SLIDE (Sliding Localized Information for Document Extraction) is a chunking method introduced to enhance entity and relationship extraction in long documents, especially for low-resource languages. It was designed to support GraphRAG pipelines by embedding localized context into each chunk without exceeding the context window of the LLM.
SlideNodeParser
faithfully implements a almost similar version of this method to improve downstream retrieval and reasoning quality by generating short, meaningful context using a sliding window of nearby chunks. This technique is proven useful for Graph based Retrieval Augmented Generaration techniques.

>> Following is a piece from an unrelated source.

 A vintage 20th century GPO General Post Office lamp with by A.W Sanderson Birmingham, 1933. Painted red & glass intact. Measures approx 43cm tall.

Here is the technique as outlined in the paper:
Given a document D and a list of base chunks (C1, C2, ..., Ck) segmented by sentence boundaries and token count, SLIDE builds local context for each chunk using a fixed-size sliding window of neighboring chunks. This context is appended to the chunk using an LLM-generated summary.
The window size is a hyperparameter defined based on the model’s context length and compute budget. Each chunk Ci is enriched by including a few preceding and succeeding chunks (e.g., 5 on each side), resulting in a total of window_size + 1 inputs sent to the LLM.

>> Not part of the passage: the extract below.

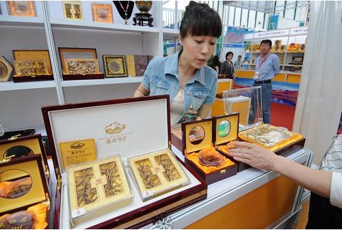 一家來(lái)自西藏的參展商展出蟲(chóng)草制品(5月10日攝)。5月10日,由商務(wù)部和江蘇省人民政府聯(lián)合主辦的第七屆跨國(guó)零售集團(tuán)采購(gòu)會(huì)在南京開(kāi)幕,近2000家采購(gòu)商及供應(yīng)商參加了采購(gòu)會(huì)。本屆采購(gòu)會(huì)吸引了沃爾瑪、家樂(lè)福、大潤(rùn)發(fā)等近20家跨國(guó)零售集團(tuán)以及國(guó)內(nèi)大型商貿(mào)流通企業(yè)和國(guó)際采購(gòu)商。

This process is repeated for every chunk in the document. The result is a collection of chunks embedded with richer, window-specific local context, which significantly improves the quality of knowledge graphs and search retrieval, especially in multilingual or resource-constrained settings.
In [ ]:
Copied!
%pip install llama-index-node-parser-slide
%pip install llama-index-node-parser-slide
Install ipy widgets for progress bars (Optional)¶
In [ ]:
Copied!
%pip install ipywidgets
%pip install ipywidgets
Setup Data¶
Here we consider a sample text.
In [ ]:
Copied!
text = """Constructing accurate knowledge graphs from long texts and low-resource languages is challenging, as large language models (LLMs) experience degraded performance with longer input chunks.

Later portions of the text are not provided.